__Your instructions__.
Please retype the listing below exactly as it stands, skipping any pictures.

__Dataset extract__.

********

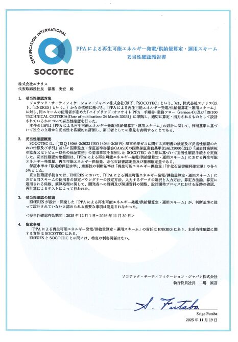 エナリスは、独自に展開する「ハイブリッド・オフサイトPPAサービス」について、再生可能エネルギーの発電・供給量算定および運用スキームが「RE100 TECHNICAL CRITERIA 2025」に準拠しているかを確認する第三者検証を受け、妥当性が確認された。検証はソコテック・サーティフィケーション・ジャパンが実施し、限定的保証水準での確認報告書を受領した。
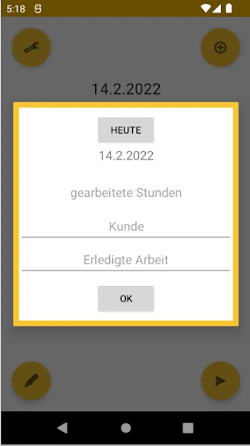 Enter working time, customer and work done and send Excel file by mail
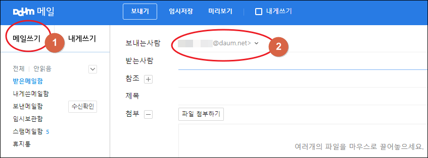 다음 메일 페이지에 접속하면 "메일 쓰기" 버튼을 클릭해 보세요. 그럼 보내는 사람 부분에 자신의 이메일 주소가 나타납니다.
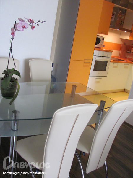 Спросите где стол? На старом месте кухни у нас теперь залл,но в нем нашлось место и для стола, вот как это

********

__Answer section__.
 エナリスは、独自に展開する「ハイブリッド・オフサイトPPAサービス」について、再生可能エネルギーの発電・供給量算定および運用スキームが「RE100 TECHNICAL CRITERIA 2025」に準拠しているかを確認する第三者検証を受け、妥当性が確認された。検証はソコテック・サーティフィケーション・ジャパンが実施し、限定的保証水準での確認報告書を受領した。
 Enter working time, customer and work done and send Excel file by mail
 다음 메일 페이지에 접속하면 "메일 쓰기" 버튼을 클릭해 보세요. 그럼 보내는 사람 부분에 자신의 이메일 주소가 나타납니다.
 Спросите где стол? На старом месте кухни у нас теперь залл,но в нем нашлось место и для стола, вот как это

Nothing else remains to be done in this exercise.